Agent > The capital of France is Paris.

Completed in 1.2s

Configuration Options

The OpenAI Agents SDK supports various configuration options when creating an Agent:
from agents import Agent

agent = Agent(
    name="assistant",
    instructions="You are a helpful assistant.",
    model="gpt-4o",              # Model to use
    temperature=0.7,              # Sampling temperature
    max_tokens=4096,              # Maximum tokens per response
)

Model Selection

  • gpt-4o - GPT-4 Omni (recommended)
  • gpt-4-turbo - GPT-4 Turbo
  • gpt-3.5-turbo - GPT-3.5 Turbo (faster, cheaper)

Adding Tools

The OpenAI Agents SDK supports function calling for tools.
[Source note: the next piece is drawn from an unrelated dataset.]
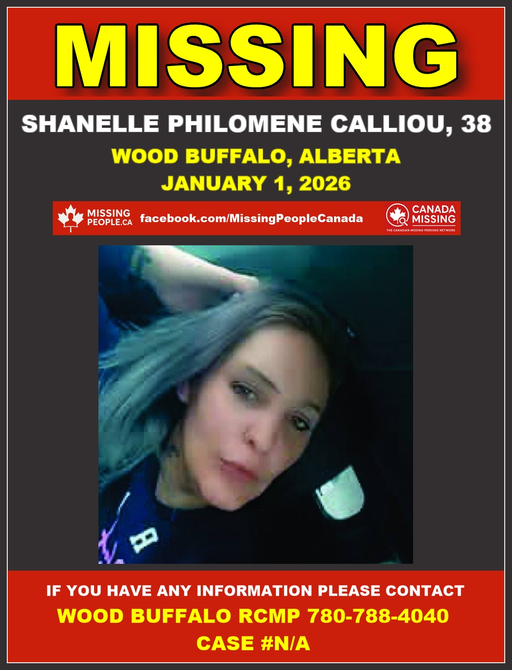 The Wood Buffalo RCMP is seeking the public’s assistance in locating a missing woman, Shanelle Philomene Calliou, 38. She was last seen on January 1, 2026, in Fort McMurray. Police are concerned for her safety.
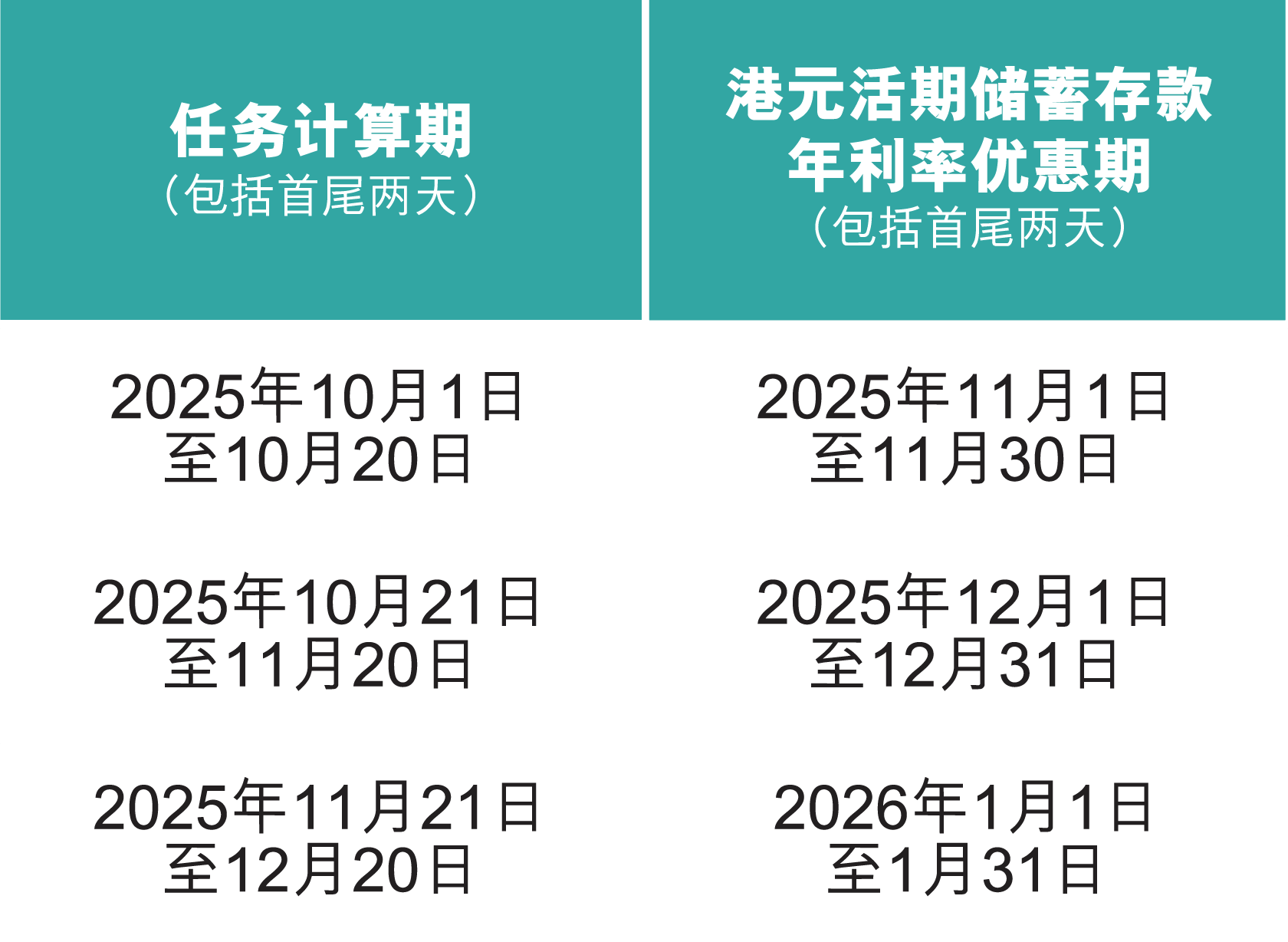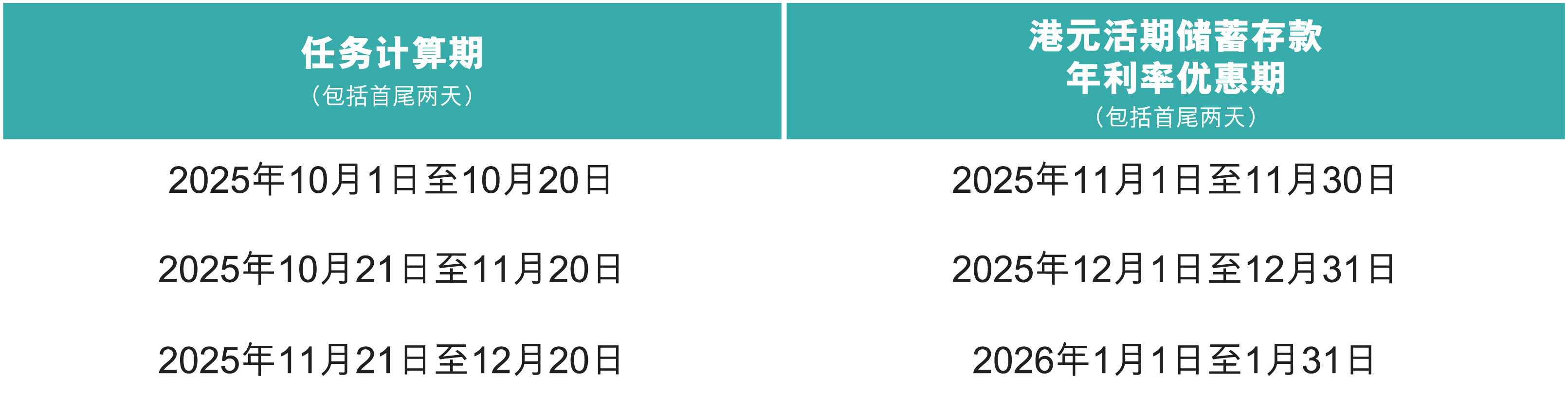 註:以上为2025年10月1日公佈的港币特优定期存款年利率,仅供参考,实际年利率将根据中银香港不时公佈的为准。每笔定期存款只可享此优惠一次,日後续期的利率将根据中银香港不时公佈的为准。

Here’s an example with a custom tool:
agent.py
from agents import Agent, Runner, tool

@tool
def get_weather(location: str) -> str:
    """Get the current weather for a location.
    
    Args:
        location: The city name
    
    Returns:
        Weather description
    """
    # Your weather API logic here
    return f"The weather in {location} is sunny."

agent = Agent(
    name="weather-assistant",
    instructions="You are a helpful weather assistant.",
    tools=[get_weather],
)

while True:
    try:
        user_input = input()
    except EOFError:
        break
    result = Runner.run_sync(agent, user_input)
    print(result.final_output)

Async Support

For better performance with I/O operations, use the async runner:
agent.py
import asyncio
from agents import Agent, Runner

agent = Agent(
    name="assistant",
    instructions="You are a helpful assistant.",
)

async def main():
    while True:
        try:
            user_input = input()
        except EOFError:
            break
        result = await Runner.run(agent, user_input)
        print(result.final_output)

asyncio.run(main())

Deployment Configuration

Create a superserve.yaml file for advanced deployment options:
superserve.yaml
name: chatbot
command: python agent.py
secrets:
  - OPENAI_API_KEY
ignore:
  - "*.pyc"
  - __pycache__
  - .git
Then deploy with:
superserve deploy

Dependencies

Create a requirements.txt with your dependencies:
requirements.txt
openai-agents
requests
python-dotenv
Or use pyproject.toml:
pyproject.toml
[project]
name = "my-chatbot"
version = "0.1.0"
dependencies = [
    "openai-agents",
    "requests",
    "python-dotenv",
]
Superserve automatically installs dependencies during deployment.

Session Persistence

The /workspace directory persists across turns and restarts. Here’s an example that saves conversation history:
agent.py
import json
from pathlib import Path
from agents import Agent, Runner

# Persistent storage
WORKSPACE = Path("/workspace")
HISTORY_FILE = WORKSPACE / "conversation_history.json"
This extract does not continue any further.